5) Notice the similarity of Fred and Pete having sex. Note the cramped
sadness of it.
6) The license plates have supposedly a meaning, but I didn't get it yet,
or Lynch is just mocking around...
I know that there are still mysteries and things that fall out of the plot
I outlined, but that belongs to the conception of the film. Wouldn't it be
boring to explain it all away? LH is wide open to more interpretations.

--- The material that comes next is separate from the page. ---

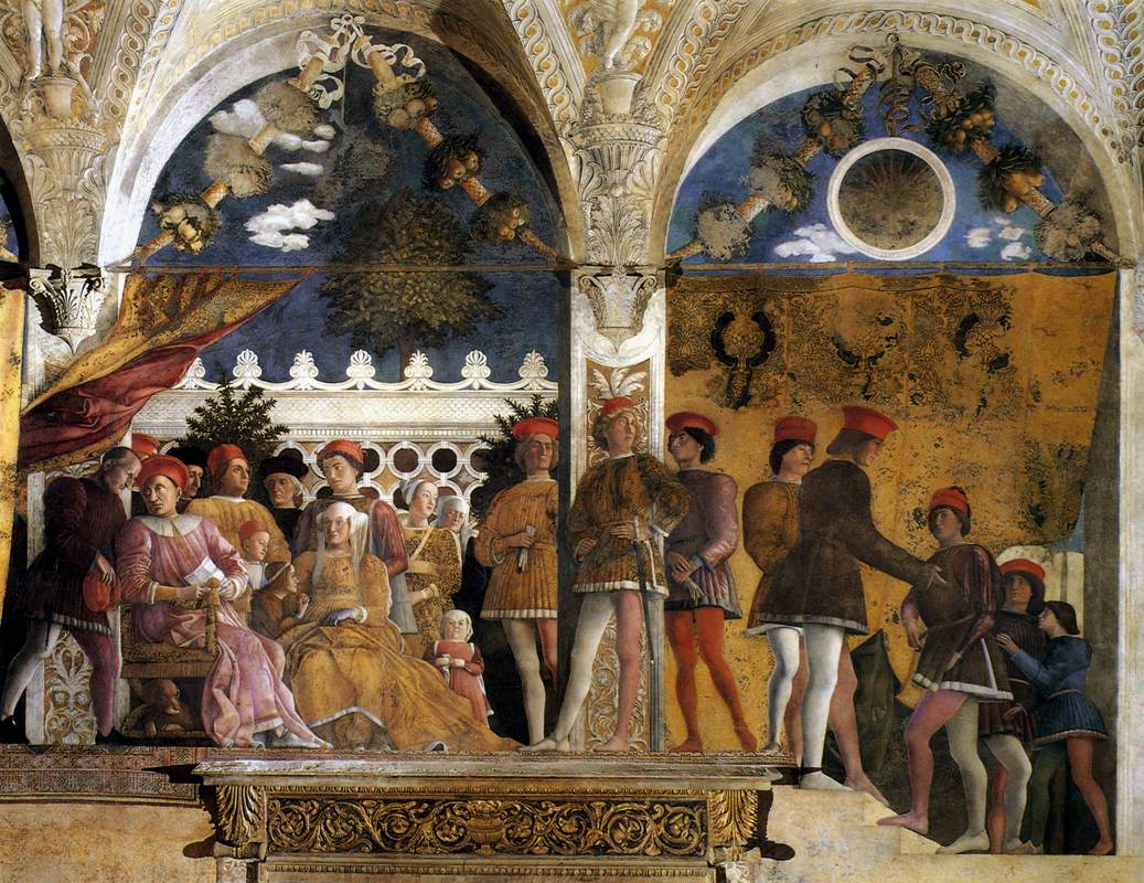 north wall of the Camera degli Sposi in the north east tower of the Castel San Giorgio, Mantua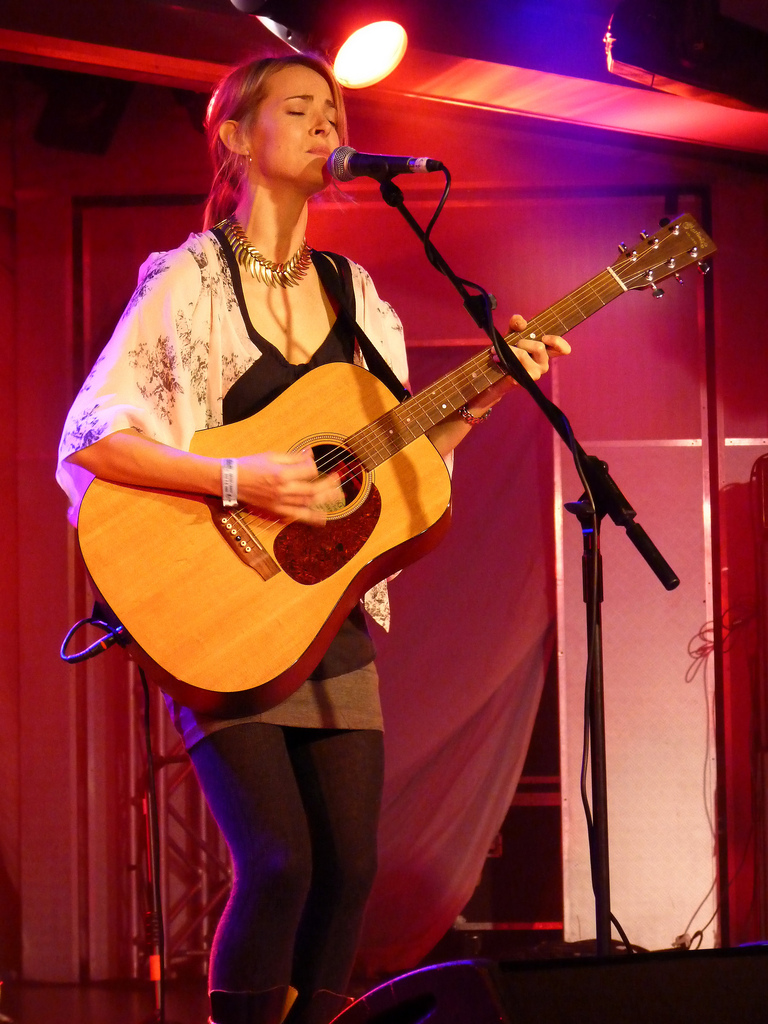 ATP Minehead, Nightmare Before Christmas 2009

Perhaps you want to watch the movie once again now, and detect more
connections and details, that point to a "real" plot behind the surface
structure of the film. The lamps (the lamp in Pete's room reflects the jail
neon light), the color of Rennes hair, the different faces cut into Fred's
face in the very last scene - there are a lot of things to discover. The
film is clearer and more structured than any of Lynch's films before. There
is more to this movie than dreams and modern fairies and monsters - to
label it away with "just another of those weird nightmare Lynchees" does no
justice to this unique masterpiece.
Take care now - and when the %%%% will M&D now be released??